Pan Africa Data applies a tiered forecasting framework built specifically for African market dynamics — accounting for structural informality, commodity dependence, data scarcity and market volatility that generic models designed for developed economies ignore.
Pan Africa Data aggregates, cleans and structures data from the World Bank World Development Indicators — the most comprehensive freely licensed macroeconomic and demographic dataset covering all 54 African countries. We do not create the underlying measurements. What we provide is the aggregation, cleaning, gap-filling, Africa-specific forecasting methodology and structured API delivery layer.
For forecast years beyond the World Bank's published data, we apply our proprietary tiered forecasting models — described in sections 03–06 — anchored to publicly available macroeconomic projections and structural relationships calibrated for African market dynamics.
| Source | Dataset | Coverage | Licence | Update frequency |
|---|---|---|---|---|
| World Bank data.worldbank.org |
World Development Indicators (WDI) — 90+ macroeconomic, demographic, poverty, financial inclusion and infrastructure indicators | 54 African countries, 2000–2024 | CC-BY 4.0 — free to use and redistribute with attribution | Quarterly |
| Pan Africa Data Proprietary forecast models |
Africa-specific tiered forecasting models for years beyond World Bank published data — Gini mean reversion, GDP-anchored consumption, poverty elasticity and trend models | 54 African countries, forecasts 2025–2035 | Proprietary — Pan Africa Data (Pty) Ltd | Quarterly, aligned to World Bank refresh |
Every record in the Pan Africa Data database carries a value type flag that tells you exactly what kind of data point you are working with.
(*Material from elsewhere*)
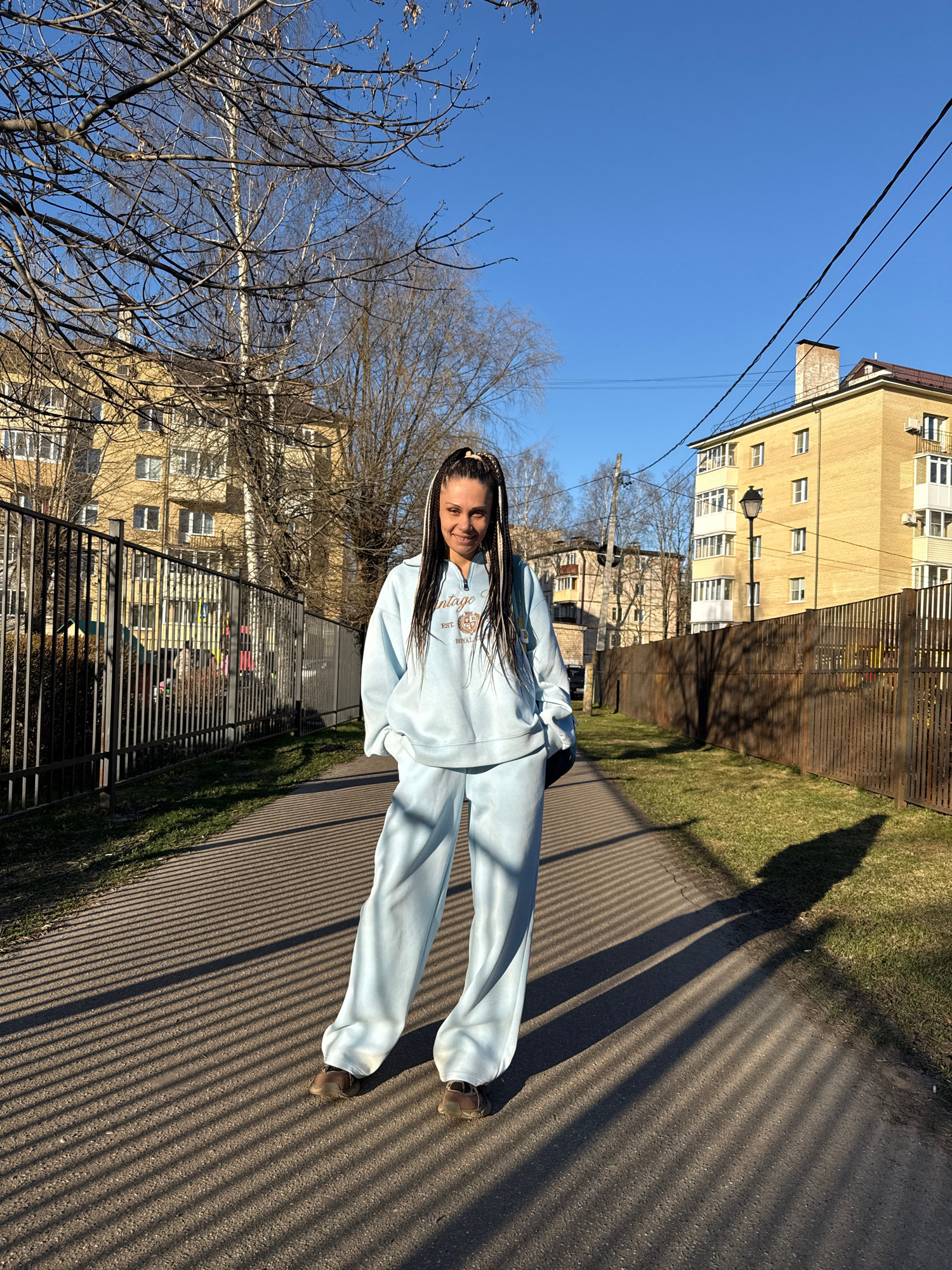 A young woman with long, braided hair stands on a paved path in a residential area of Rusanovo, Russia, on a clear, sunny day. She is wearing a light blue tracksuit, featuring a sweatshirt with the teβ¦read more

This is not a quality score — it is a precise description of how that value was obtained or derived. We believe transparent labelling is more useful than opaque quality indices.
Our data pipeline runs quarterly following each World Bank data refresh cycle. The pipeline fetches updated source data, recalculates gap-filled values where new measured data has become available, and re-runs forecast models with updated inputs. All historical measured values are preserved — we never overwrite source data with model outputs.
Africa presents forecasting challenges that generic models — designed for data-rich developed economies — handle poorly. Survey-based indicators are measured irregularly. History is short. Structural breaks are common. Markets are shaped by commodity prices, political cycles and demographic transitions that don't follow the same patterns as OECD economies.
Rather than applying a single extrapolation approach to all indicators, we use a five-tier framework that matches the forecasting method to the nature of each indicator.
| Tier | Method | Indicators | Rationale |
|---|---|---|---|
| Tier 1Direct source | Direct source data | GDP growth, inflation, current account balance, government debt | These indicators have authoritative projections from international institutions. Where available, we use these directly without modification. |
| Tier 2Structural | Structural relationship model | Household consumption expenditure, poverty headcount ($2.15, $3.65, $6.85), income shares | These indicators have well-established relationships with GDP growth and inequality. We model them using those relationships rather than extrapolating the indicator itself. |
| Tier 3Mean reversion | Rules-based mean reversion | Gini coefficient, income quintile shares | Inequality indicators are structurally sticky but do drift toward regional averages over time. We apply controlled mean reversion anchored to regional peers. |
| Tier 4S-curve | Logistic adoption model | Internet penetration, mobile subscriptions, bank account ownership, access to electricity | Technology and infrastructure adoption follows S-curve patterns — slow start, rapid adoption, plateau at saturation. Linear extrapolation overstates growth near saturation. |
| Tier 5Capped trend | Trend extrapolation with caps | FDI net inflows, trade volumes, remittances | These indicators are more volatile and less amenable to structural modelling. We apply trend extrapolation with hard caps to prevent implausible projections (±30% of 5-year average). |
We believe transparency about limitations is as important as the methodology itself. Clients making investment decisions or policy recommendations need to understand what our data can and cannot tell them.